Стрельцы посторонились и сняли шапки. Царица бросилась на шею к отцу. Все плакали.
Цыклер почтительно приблизился и заговорил мягким голосом:
– Матушка-царица! Не гневайся и не убивайся… На то Божья воля, чтобы родитель твой и братья положили живот свой за государское дело. Велико оно, государево дело… Мы пришли сюда по крестному целованию. Мы холопы его царского пресветлого величества: мы пришли разыскивать государевых недоброхотов. А кто государевы недоброхоты, те и наши недоброхоты… Иди, матушка, к государю, его царскому пресветлому величеству. А мы без тебя розыск учиним над государевыми лиходеями. Коли они выдадут первого бунту затейщика, Ивана Нарышкина, да Данилку-дохтура, мы живота их не лишим. А буде они не выдадут нам затейщиков, мы лишим их живота гораздо, по крестному целованию, на чем мы крест целовали нашему государю, его царскому пресветлому величеству.
Наталья Кирилловна, Нарышкины и стрельцы слушали молча, пока говорил Цыклер. Наконец царица прервала его.
– Добро, я доложусь о том великому государю, – сказала она, силясь подавить волнение и страх, – что его царское пресветлое величество укажет, то и учиним. А вам бы того своею волею чинить не гораздо, и то ваша вина.
Видимое спокойствие царицы озадачило стрельцов. Им и в самом деле пришло в голову: как же это они все делают без государева указу?
– Добро, государыня, – сказал в свою очередь Цыклер, – мы будем ждать государева указу до утрея.
С его стороны это была притворная покорность. Он должен был дождаться ночи: что ему прикажут оттуда.
Стрельцы тотчас же очистили дворец, но караул вокруг него оставили по-прежнему.

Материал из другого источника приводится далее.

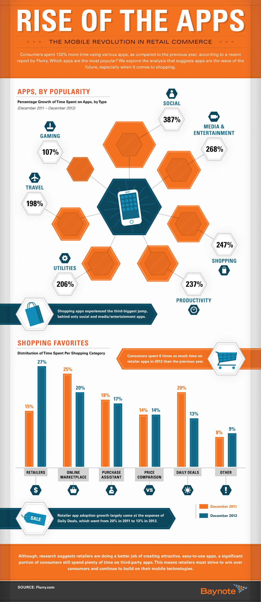 A recent study by Flurry showed that consumers’ use of various apps have increased by 132% over the course of a year. According to the infographic by Baynote, consumers spent six times as much time on retailer apps in 2012 than the previous year. Shopping applications experienced the third biggest jump, showing an increase of 247%, behind only social and media/entertainment. applications.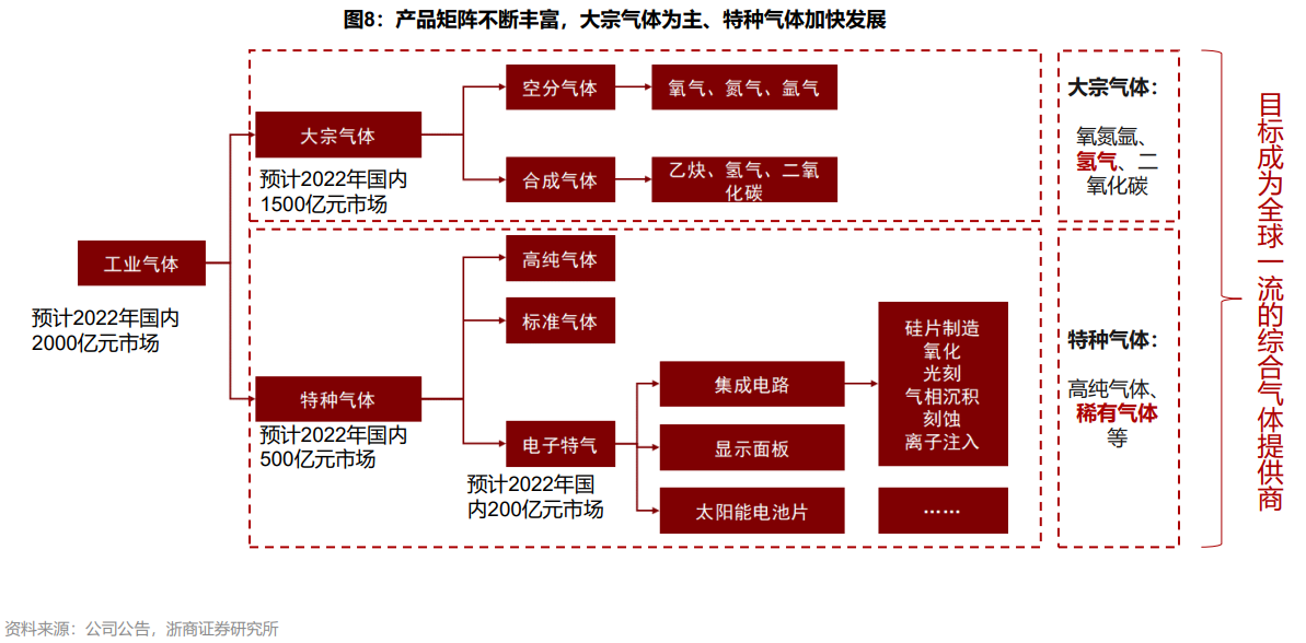 公司定位于综合气体解决方案供应商,产品矩阵将不断完善,电子特气、零售气体等高附加值业务将打造第二成长曲线。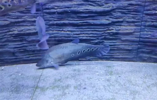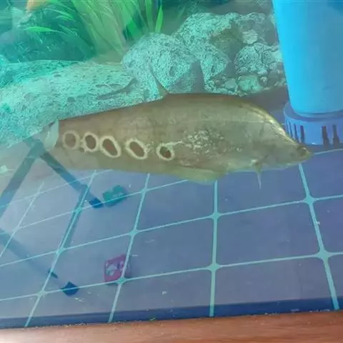 七星刀鱼,学 名Notopterus chitala,又 名鲍孔驼背鱼、七星飞刀、东洋刀、花刀鱼,英文名Clown Knife Fish,原产地泰国、缅甸、印度,体 长70~90cm,适宜水22~28℃,弓背鱼体形特别,背似弓形隆起, 前半身体幅很宽,背鳍之后变窄,至尾 鳍呈尖刀形,微凹上翘。体色为银灰褐 色,由鳃盖后方至尾部并排了几个镶白 边的黑色圆斑。头部尖小,口角无须。背 鳍小,臀鳍和尾鳍相连成一体。腹鳍常 无或发育不完全。幼鱼没有斑点,只有 10~15条淡淡斜纹,成鱼后才变成圆形斑点,并且头部背方突出隆起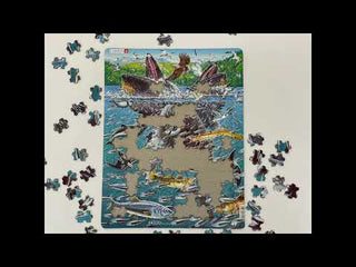 Sild er en smakfull rett for både mennesker og dyr. Mange fugler, dyr og fisk jakter på sild for å få seg en matbit. En sildestim er en stor gruppe sild som svømmer tett sammen. Én stim kan inneholde tusenvis av sild, og de beveger seg raskt når knølhval svømmer rett gjennom gruppen med munnen vidåpen. Dette puslespillet har 140 brikker og er litt utfordrende for både barn og voksne, siden brikkene er like. Sørg for å studere bildet nøye for å memorere detaljene før du fjerner brikkene. Da blir det lettere å sette dem sammen igjen, og du kan trene hukommelsen din samtidig.
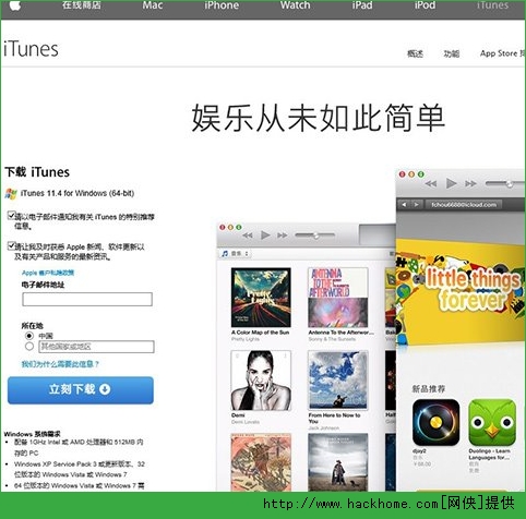 建議使用最新版本的iTunes軟件來進行ios8正式版的刷新,目前官網最新版本為11.4。大家可以直接點擊此處進入蘋果iTunes官方下載頁面,網頁會自動給出32位或者64位版本的iTunes下載,點擊左側藍色的“立刻下載”按鈕即可下載。下載後安裝一下即可。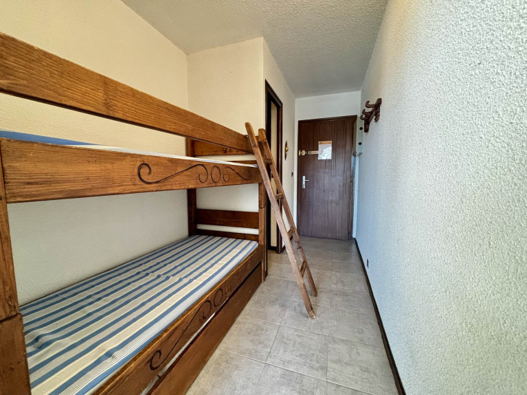 Een entree met een berghoek met een stapelbed van 2*90 cm (lengte bedden 180cm)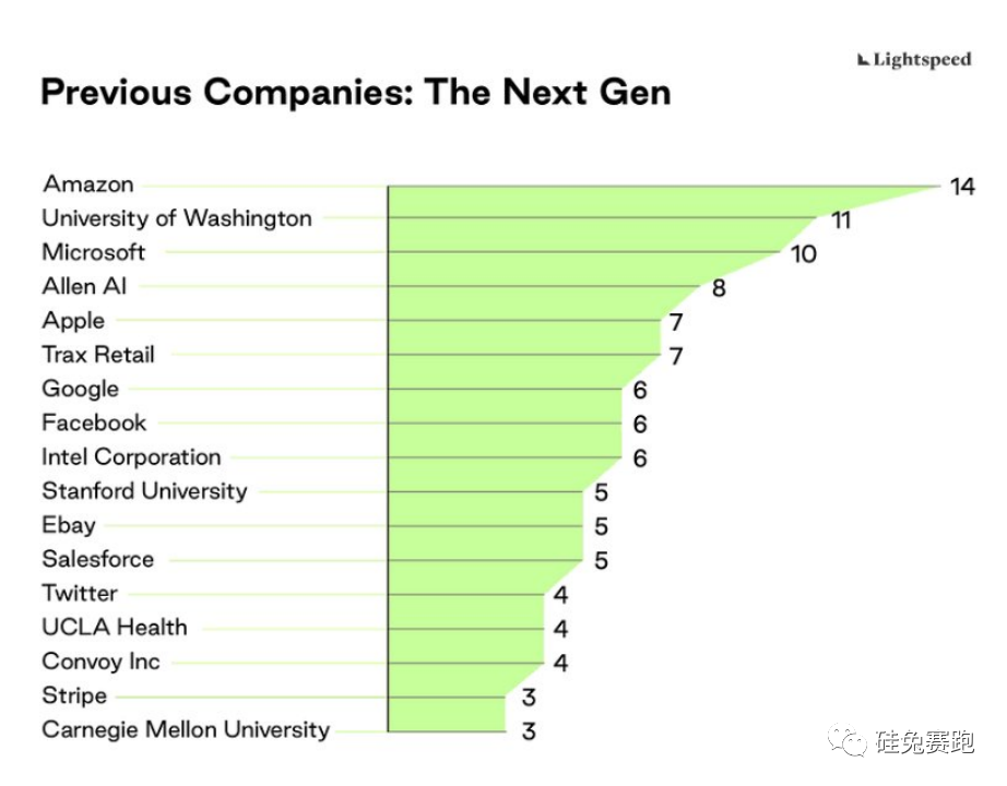 梳理“八强”公司的人才背景,Lightspeed 还发现,他们的最大的共同点就是,其技术人才的教育背景主要来自许多知名学府(不出所料),如下图所示: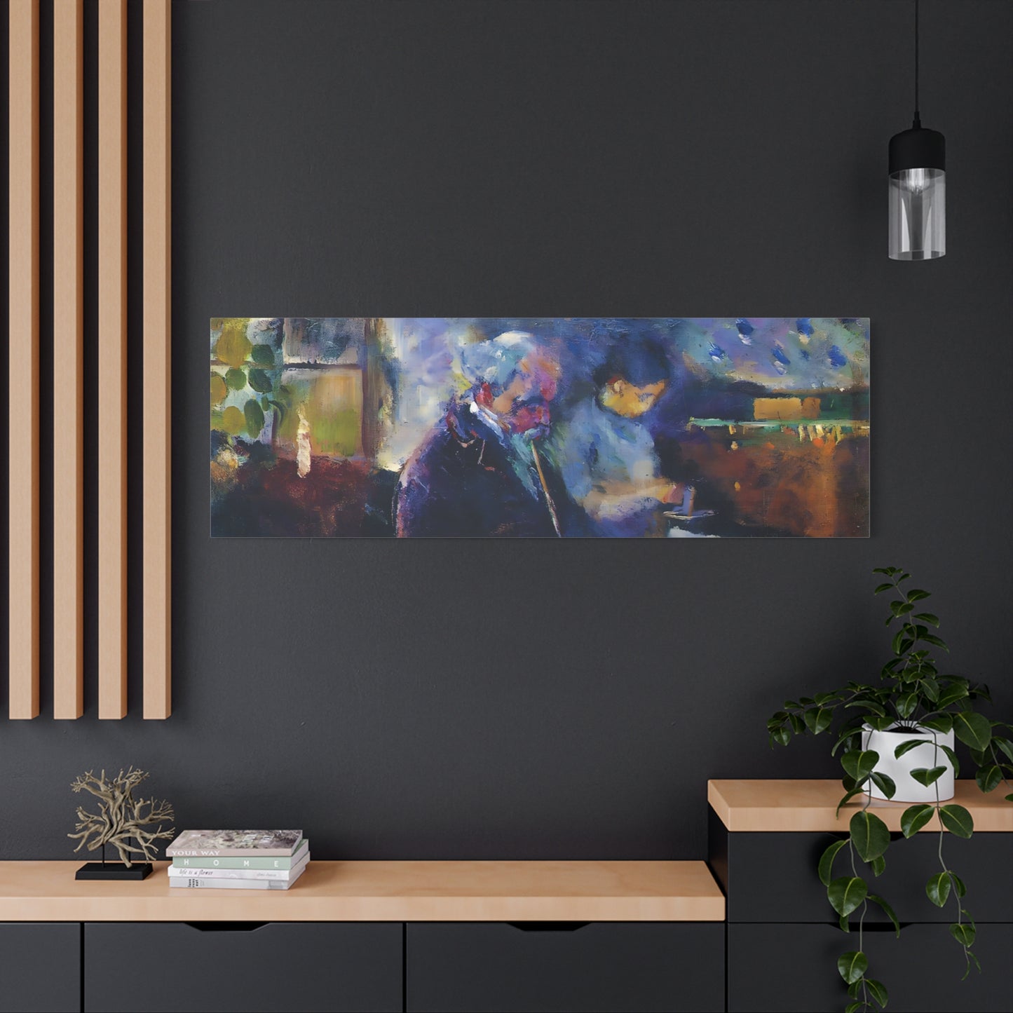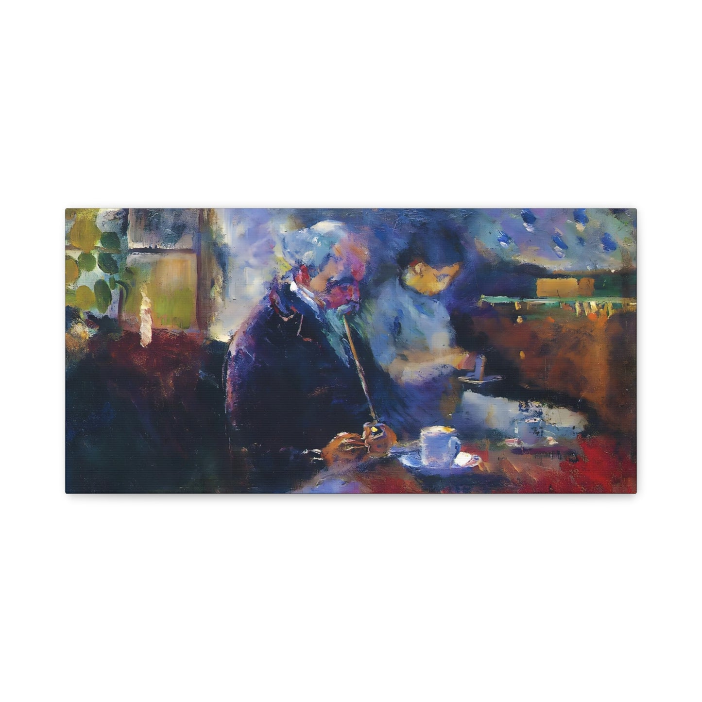 Step into a world of enchantment with At the Coffee Table by the legendary artist Edvard Munch, a spellbinding masterpiece crafted in 1902. Prepare to be transported to a mesmerizing scene where time stands still, as two figures engage in a clandestine rendezvous amidst an atmosphere charged with emotion. Munch's brushstrokes dance across the canvas, creating an electrifying interplay of light and shadow that brings the characters to life. This extraordinary artwork possesses a captivating power, drawing you into its realm and leaving you breathless with anticipation. With At the Coffee Table gracing your home, every moment becomes a tantalizing journey of exploration and connection, making it an absolute must-have for art connoisseurs seeking to elevate their space to new dimensions of excitement and intrigue.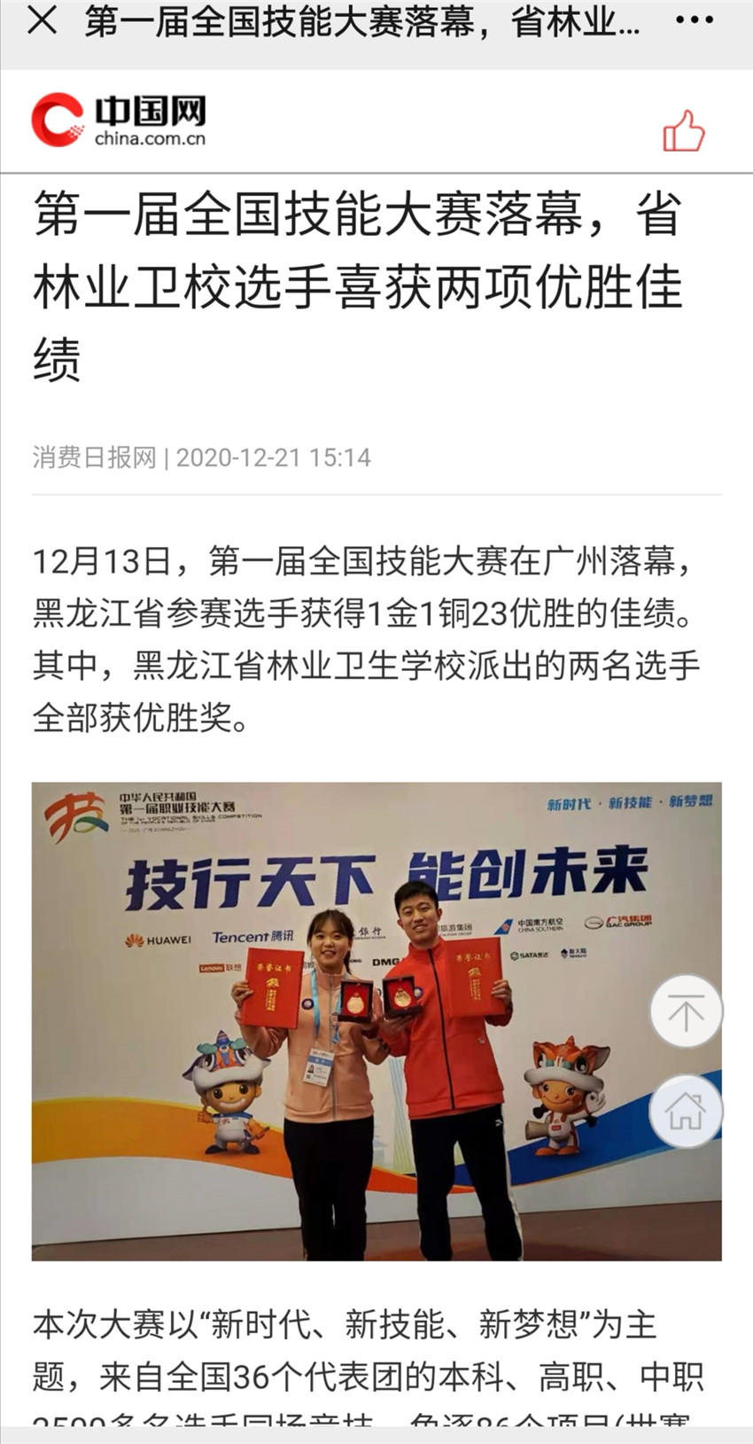【中國(guó)網(wǎng)】第一屆全國(guó)技能大賽落幕,省林業(yè)衛(wèi)校選手喜獲兩項(xiàng)優(yōu)勝佳績(jī) |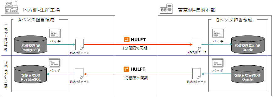 ある案件での出来事でした。依頼主は東京に技術本部がある製造業のお客様で、遠方に生産工場があります。そのお客様は設備管理の効率化を狙っており、各工場の保全記録を東京の技術本部に収集し、分析、そして各工場へフィードバックすることで設備の稼働率向上と現場の作業負荷低減(ムリ・ムダ・ムラ解消)を目論んでおりました。およそ1年の構想期間を経て、東京側の設備管理DBと生産工場側の設備管理DBをそれぞれ改修し、互いに同期させることで、リアルタイムに設備管理状況を吸い上げることが決まり、各システムベンダがすでにアプリケーションとDBの改修に取り組んでおりました。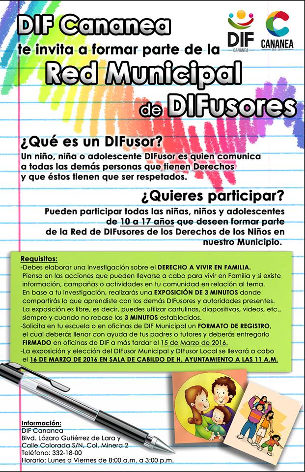 Pueden participar todas las niñas, niños y adolescentes de 10 a 17 años que deseen formar parte de la Red de DIFusores de los Derechos de los Niños en nuestro Municipio.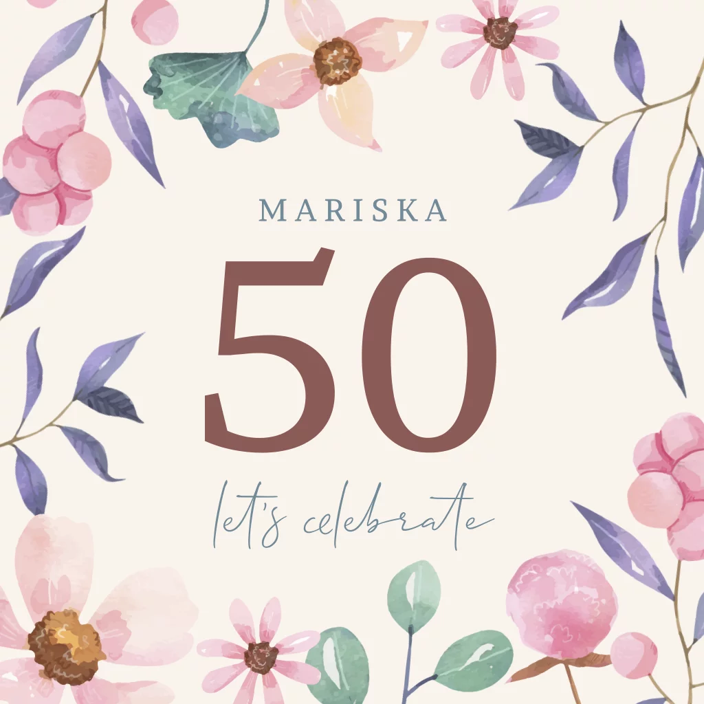 Uitnodiging voor een 50ste verjaardag met bloemen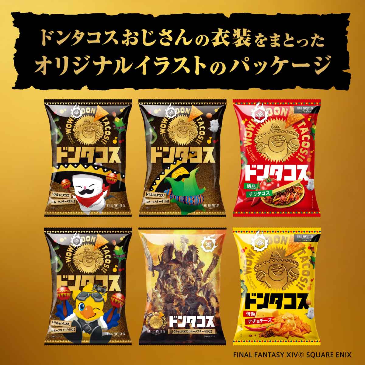 最新拡張パッケージ「黄金のレガシー」の世界観をイメージした特別なドンタコスのセットが誕生しました。 オリジナルのフレーバー「ドンタコス× ファイナルファンタジーXIV トラルDE タコス!ロネークステーキHQ 風味」は、ドンタコスのブランドキャラクターである「ドンタコスおじさん」の衣装に身を包んだオリジナルイラストやアートワークなどが入ったパッケージデザイン。 味も「トラル大陸で愛されるタコスの味わい」をイメージした、スパイスをきかせたステーキ風味に仕上げました。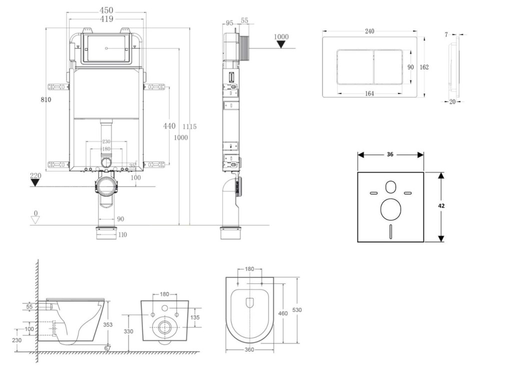 - Pre závesné WC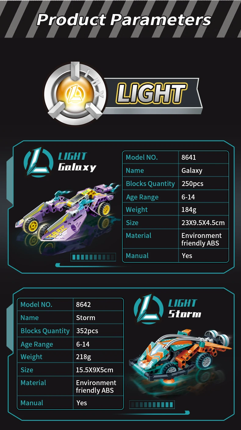 Construction set "Super car" (138 pieces) Lightning The BanBao 6966 Racing Car Construction Set is an exciting opportunity for children from 5 years old to unleash their creativity and engineering potential. With 138 parts made of high quality ABS plastic, this set allows little builders to create not just a racing car, but a real masterpiece of engineering. Each part has a special pull-off function, which makes it easy to assemble and disassemble the model. Playing with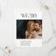 Casamento moderno salve o cartão de data apresentando um layout mínimo com "Nós fazemos" em tipografia ousada sobre sua foto de paisagem. A parte de trás tem uma foto de retrato junto com detalhes adicionais. Todos os elementos de design estão em preto-e-branco e podem ser alterados na ferramenta de edição de design. Esta simples, mas elegante, salva o cartão de data é excelente de um casamento informal ou formal.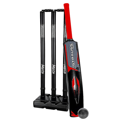 Strauss Cricket Combo Kit Set | Plastic/PVC Cricket Kit Set | Full Size | 1 Bat + 1 Ball + 3 Stumps + 2 Bails + 1 Base | Color: Black | for All Age Groups | Tennis & Synthetic Ball Cricket Kit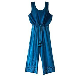 Soft Surroundings Wide Leg Sleeveless Jumpsuit Azure Blue has Side Pockets Scoop Neck Elastic Waist and Drawstring with Tassels has Embroidered Eyelet Lace at Cuffs and Keyhole Closure at Back of Neck with Button Closure Flattering Silhouette BOHO Bohemian Cottage Cottagecore Hippie Hippy Flower Child Flowy Festival Concert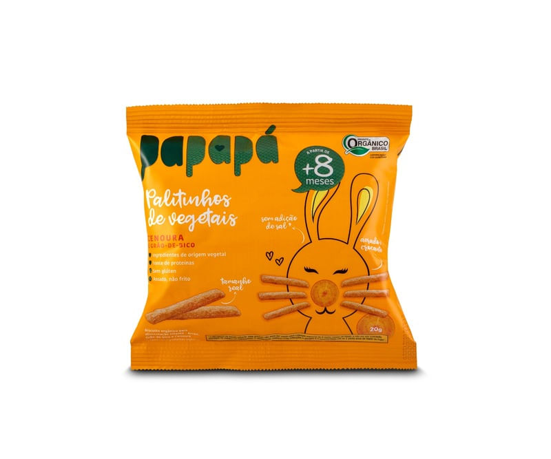 <p>Os <strong>Palitinhos de vegetais com cenoura e grão-de-bico da Papapá</strong> são o lanchinho perfeito para o seu filho, eles são elaborados com ingredientes naturais e orgânicos, e fornecem 2,0 g de proteínas na porção.</p> <h2><strong>Sugestão de consumo:</strong></h2> <p>Indicado para bebês a partir de 8 meses de idade, não havendo restrições para crianças maiores.</p> <h2><strong>Motivos para escolher o produto:</strong></h2> <ul> <li> <p>Sem de conservantes e corantes;</p> </li> <li> <p>Sem adição de açúcares e sal;</p> </li> <li> <p>Prático para consumo;</p> </li> <li> <p>Sem lactose e sem glúten;</p> </li> <li> <p>É assado;</p> </li> <li> <p>Não contém ovos, castanhas, leites e derivados;</p> </li> <li> <p>Feito com ingredientes naturais e orgânicos;</p> </li> <li> <p>Contém 18% da ingestão diária recomendada de proteínas para crianças de 7 a 11 meses de idade.</p> </li> </ul> <h2><strong>A Marca</strong></h2> <p>A Papapá é uma marca comprometida em oferecer opções práticas, saudáveis, naturais, usando orgânicos sempre que possível, promovendo uma introdução alimentar natural para o bebê e tranquila para você! </p> <p> </p>

X. Данилка-дохтур и Нарышкин
Ранним утром следующего дня какой-то оборвыш в одежде нищего и с пустой сумой через плечо из Марьиной рощи пробирался к Москве. Истомленное лицо его выдавало крайнюю усталость, а может быть, и голод. Видно было, что это уже старик; но изорванная, облезлая меховая шапка была так сильно надвинута на глаза, что лица нищего нельзя было разобрать, тем более, что подбородок его был обвязан рваным платком. Нищий опирался на суковатую палку и, казалось, боязливо оглядывался по сторонам. Он, можно сказать, не шел, а тихонько крался. По всему можно было думать, что нищий провел всю ночь в пути и теперь не чаял дотащиться до Москвы.
Не доходя до немецкой слободки, нищий повстречался с двумя бабами, которые шли с плетенками за плечами и оживленно о чем-то разговаривали. Поравнявшись с нищим, они поздоровались.
– Откедова, дедушка, Бог несет? – спросила старшая из них.
– Издалече, матушка, – отвечал нищий.
– Странничек, поди, родимый?
– Странничек.
Нищему, казалось, скорей хотелось отделаться от вопросов, и он пошел дальше. Бабы это заметили и посмотрели ему вслед.
– А кажись, касатка, он бритый? – заметила старшая.
– И мне будто показалось, что бритый, – отвечала младшая.
– Бритый, бритый… Дивно мне это, касатка: бритый странничек!
– А Бог его ведает, кто он такой.
Нищий между тем шел своею дорогой. Как ни велика была его усталость, но он, видимо, торопился.
Наконец он вступил в одну из улочек немецкой слободки. Не успел он сделать нескольких шагов, как из-за угла выскочили два стрельца. Старик видимо оторопел.
– А! Дед, семидесяти лет, куда бредешь? – весело спросил один стрелец.
– В Москву, родимый, – был глухой, торопливый ответ.
– Дело пытаешь, аль от дела лытаешь?
– Дело, миленький.
– А какое такое дело у голого тела?
Старик не отвечал и торопился уйти.
– Да ты стой! – остановил его стрелец. – Али бродяга какой?
Старик не отвечал. Он совсем растерялся.
– Ба-ба-ба! Да это, кажись, скоморох… На нем харя надета.
– И то харя.
– А ну-ка, сыми тряпицу с хари, старец Божий.
И стрелец сорвал с лица его повязку.
– Вот те и клюква! Да он бритый.
– И точно, скобленое рыло… Вот притычина!
– Как есть в блудоносном образе… Сказывай, кто ты?
Старик молчал. Он дрожал всем телом.
– Сказывай скобленое рыло, немец ты?
– Да что с ним разговаривать! Веди на съезжую: там разберут.
Старик упал в ноги и заплакал.
– Отпустите меня православные: я бедный человек, я два дня не ел, – умолял он, – я никому дурна не учинил.
На съезжей скоро узнали, кто скрывался в одежде нищего. Это и был Даниэль фон Гаден, которого стрельцы напрасно искали во дворце.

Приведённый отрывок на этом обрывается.